Весна наступает после зимы, после весны лето.
Для него смерть была такой же простой истиной.
До сих пор. Он пробовал отрицать ее, стараясь не думать об этом, но смерть начинала показывать сове страшное лицо. Его брак с Кэйт выходил за рамки, которые он наметил себе, независимо оттого, сколь долго он пытался убедить себя, что он может ограничить их брак только дружбой и постелью.
Он заботился о ней. Он заботился о ней слишком сильно для дружбы. Он жаждал ее компании, когда он был далеко от дома, и мечтал о ней ночью во сне, хотя всю ночь держал ее в своих объятиях.
Он еще не был готов назвать это любовью. Но все равно, это пугало его.
И независимо оттого, что происходило между ними, он не хотел, чтобы это закончилось.
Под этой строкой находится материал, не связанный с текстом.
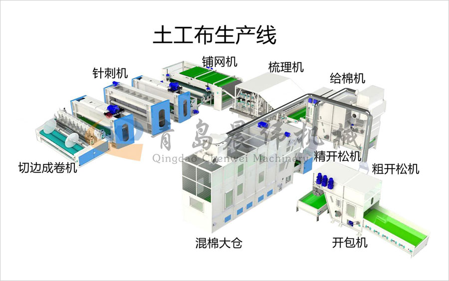 開(kāi)包機(jī)-開(kāi)松機(jī)-振動(dòng)給棉機(jī)-梳理機(jī)-鋪網(wǎng)機(jī)-針刺機(jī)-切邊成卷機(jī)

И в этом заключалась очень большая ирония.
Энтони закрыл глаза, утомленно и задумчиво вздохнул, задаваясь вопросом, что же черт подери, он собирается делать с этим осложнением, которое лежит рядом с ним в постели. Но, даже закрыв глаза, он увидел молнию, которая превратила темноту его закрытых глаз в красный цвет.
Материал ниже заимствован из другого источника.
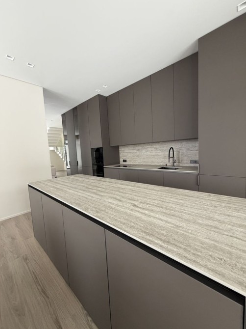 Планування продумане до дрібниць: простора кухня-вітальня для сімейного відпочинку та прийому гостей, кухня з кладовою, 3 окремих спалень, 2 санвузли, гардеробна та технічні приміщення. Вихід на терасу створює ідеальне місце для ранкової кави чи вечірнього відпочинку.

Открывая глаза, он увидел, что они оставили шторы почти открытыми, когда отправились в постель этим вечером. Но когда он приподнялся и попробовал встать с кровати, Кэйт отчаянно схватила его руку с такой силой, что побелели пальцы на руках.
– Ш-ш-ш, все хорошо, - прошептал он, - Я просто закрою шторы.
Но она не отпускала его, и жалобное хныканье, сорвавшиеся с ее губ, когда раздался удар грома, сильно поразило его в сердце.
Тонкий луч лунного света, проникший через окно, достаточно осветил напряженные линии ее лица. Энтони глянул на нее, чтобы убедиться, что она спит, затем вырвался из ее рук, и встал, чтобы закрыть шторы.
Он подозревал, что, даже задернув шторы, вспышки молний все равно будут проникать через окно. Задернув шторы, он зажег свечу и поставил ее на прикроватную тумбочку. Свеча не давала достаточно света, чтобы разбудить ее - по крайней мере, он надеялся на это - и в тоже время спасало комнату от темноты. Не было ничего более заметного, чем вспышка молнии в полной темноте.
Он забрался обратно в кровать, и посмотрел на Кэйт. Она все еще спала, но не спокойным сном. Она свернулась в клубок и тяжело дышала. Молния, вроде, ее не беспокоила, но каждый раз, как гремел гром, она сильно вздрагивала.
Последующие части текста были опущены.